Salma Hayek and John C Reilly in Tale of Tales. Courtesy Front Row Filmed Entertainment
Salma Hayek and John C Reilly in Tale of Tales. Courtesy Front Row Filmed Entertainment

Film review: Tale of Tales is an imaginative fairy-tale adaptation



Tale of Tales

Director: Matteo Garrone

Starring: Salma Hayek, Toby Jones, Vincent Cassel

Four stars

This dark fairy-tale adaptation arrives after earning high praise at the Cannes film festival. Director Matteo Garrone's English-language debut follows a host of cinematic reworkings of classic fairy tales – including Into The Woods, Snow White and the Huntsman and Maleficent – but the Italian director has gone about things rather differently.

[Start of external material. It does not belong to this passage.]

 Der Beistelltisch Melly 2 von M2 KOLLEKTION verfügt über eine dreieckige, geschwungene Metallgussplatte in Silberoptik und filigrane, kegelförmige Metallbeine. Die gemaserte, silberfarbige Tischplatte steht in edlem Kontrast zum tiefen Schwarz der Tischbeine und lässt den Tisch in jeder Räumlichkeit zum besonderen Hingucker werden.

Many familiar fairy-tale tropes are present – princes and princesses, sea monsters, ogres and wrinkled hags. But in mining the works of prolific 17th-century Neapolitan poet Giambattista Basile, whose Pantamerone is considered the world's first collection of fairy tales – and was a major influence on the likes of the Brothers Grimm and Hans Christian Andersen – Garrone has created a work that manages the neat trick of being unpredictable and yet brutally faithful to the grotesque nature of the original source material.

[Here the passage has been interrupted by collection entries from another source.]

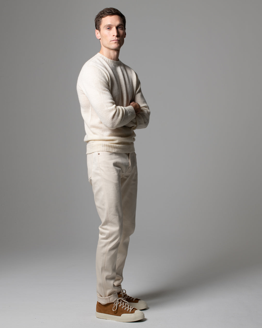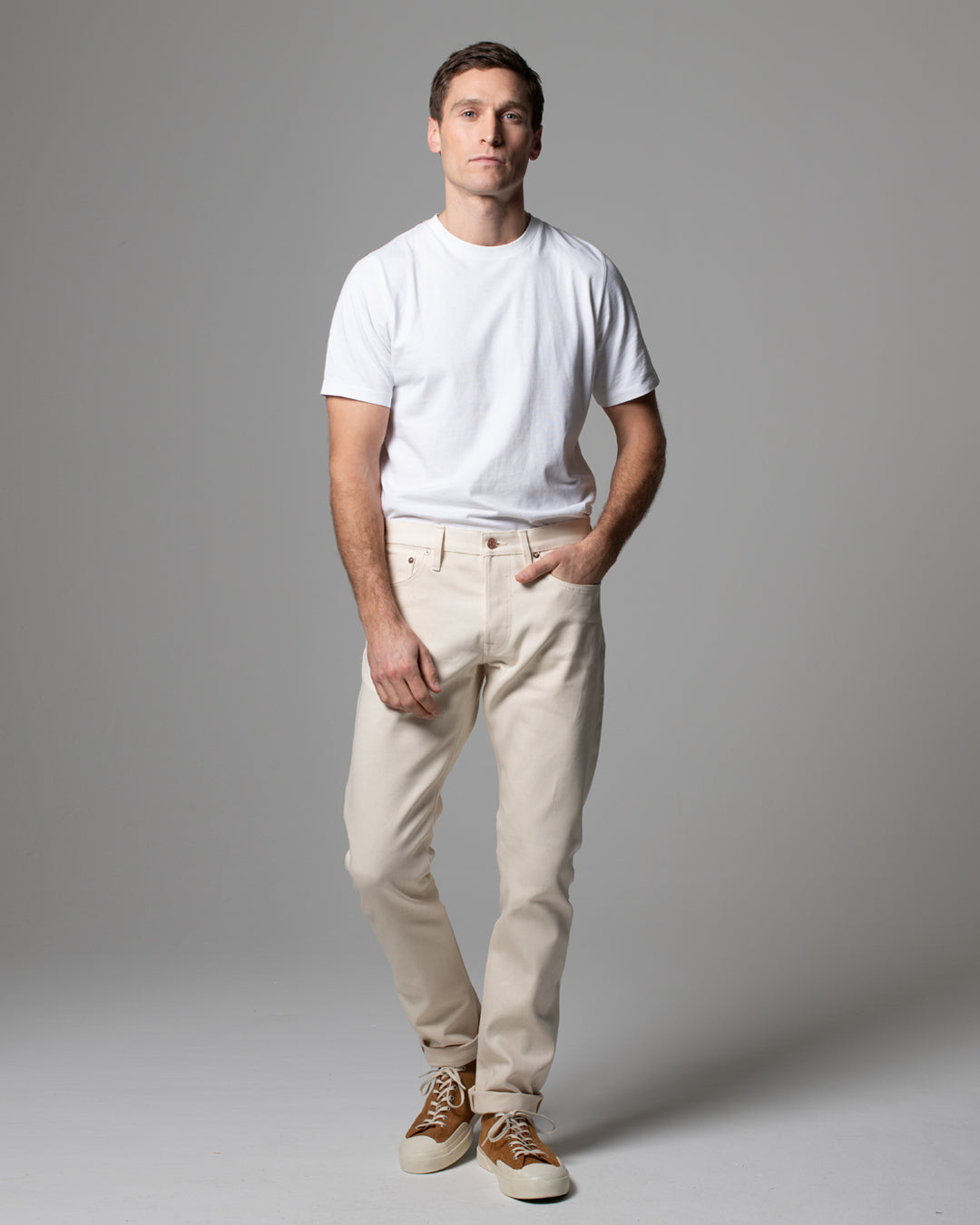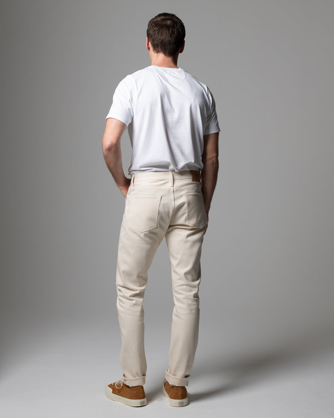 Our 001 slim fit jean is a flattering and modern cut. This exclusive ecru denim hue has subtle flecks in the cotton with no treatments or bleaching for a unique natural finish.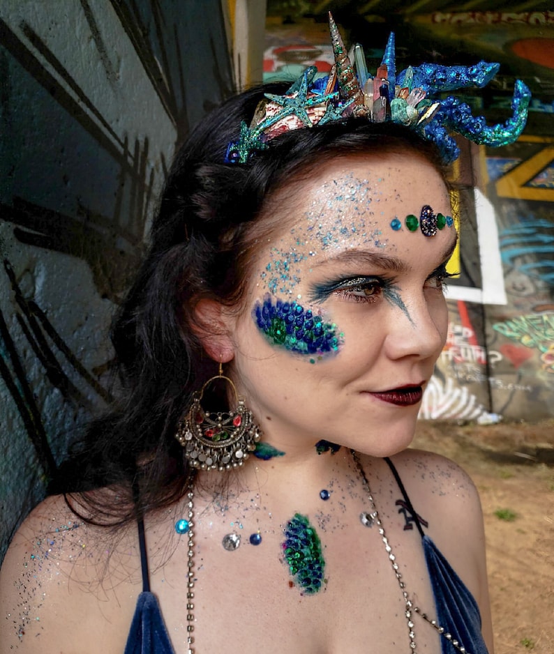 Halloween Makeup Mermaid Fish Scales Gold Blue Kostume Halloween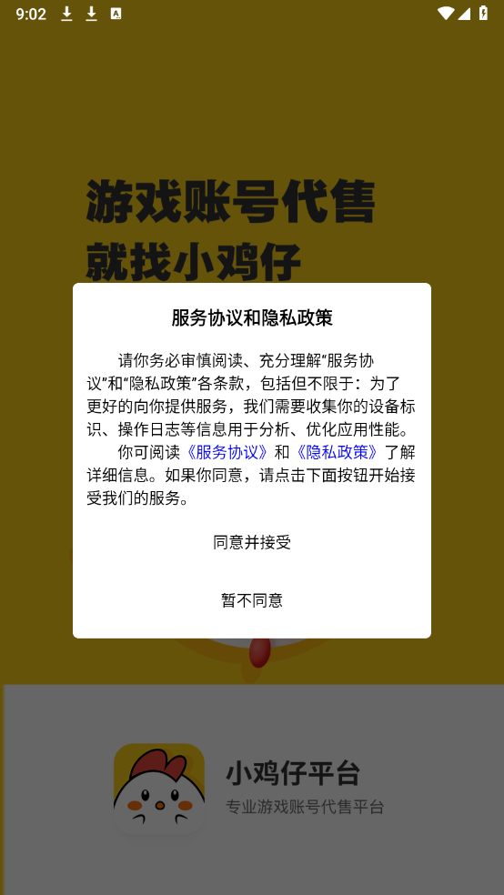 1、安装小鸡仔代售应用,在同意相关政策与协议后将其打开。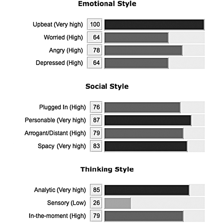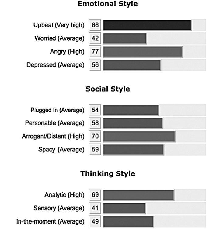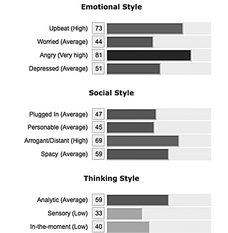 Analytic: 4, Angry: 15, Arrogant: 21, Depressed: 5, In-the-moment: −3, Personable: 1, Plugged In: −3, Sensory: −3, Spacy: 0, Upbeat: 5, Worried: 17>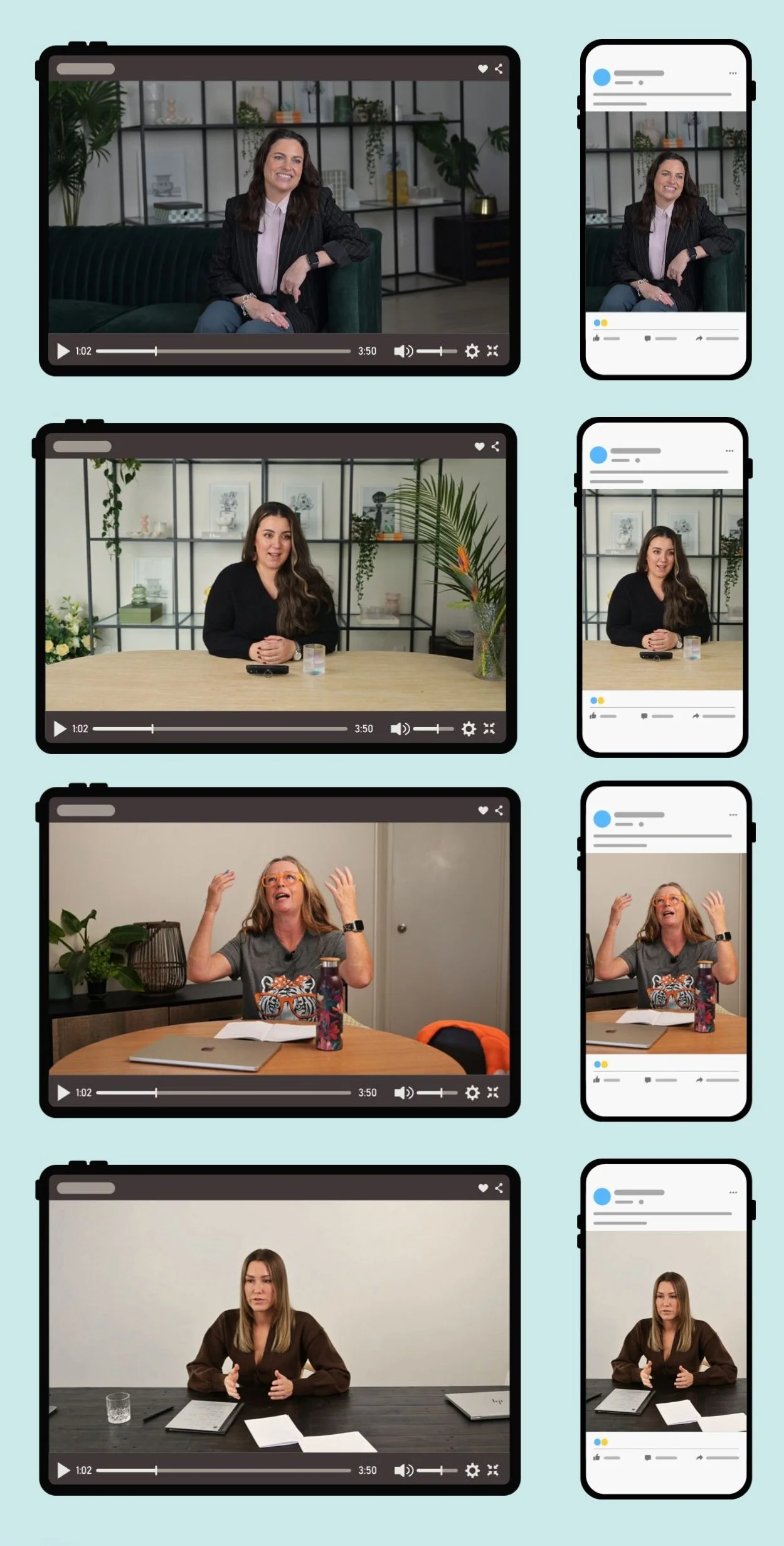 Set up is simple and effective for no nonense communication of your talking points - just clean audio, flattering light, and authentic storytelling. Straightforward, and ready to hand off for your team to edit further.

If you thought Into the Woods had a dark underbelly, look away now. Disney this most definitely is not.

The movie focuses on three stories set in royal households. In Selvascura, Salma Hayek's childless queen is driven to extreme measures following the intervention of a soothsayer who allows her to finally have a son. Things go awry when she learns that her son's loyalty is not with her, but with a magical twin born of a servant. In Roccaforte, Vincent Cassel's Lothario king is tricked into marrying a witch after his attempts to kill her result in her transformation into a beautiful maiden. And in Altamonde, Toby Jones's ineffectual king becomes more interested in raising a giant flea than his daughter.

It’s an expansive, surreal feast for the imagination that avoids portmanteau clichés, such as tying all the stories together in the final act. A perceived lack of cohesion could grate with some viewers, but it is a pleasure to watch a movie where the audience genuinely has no idea what ­insanity might come next.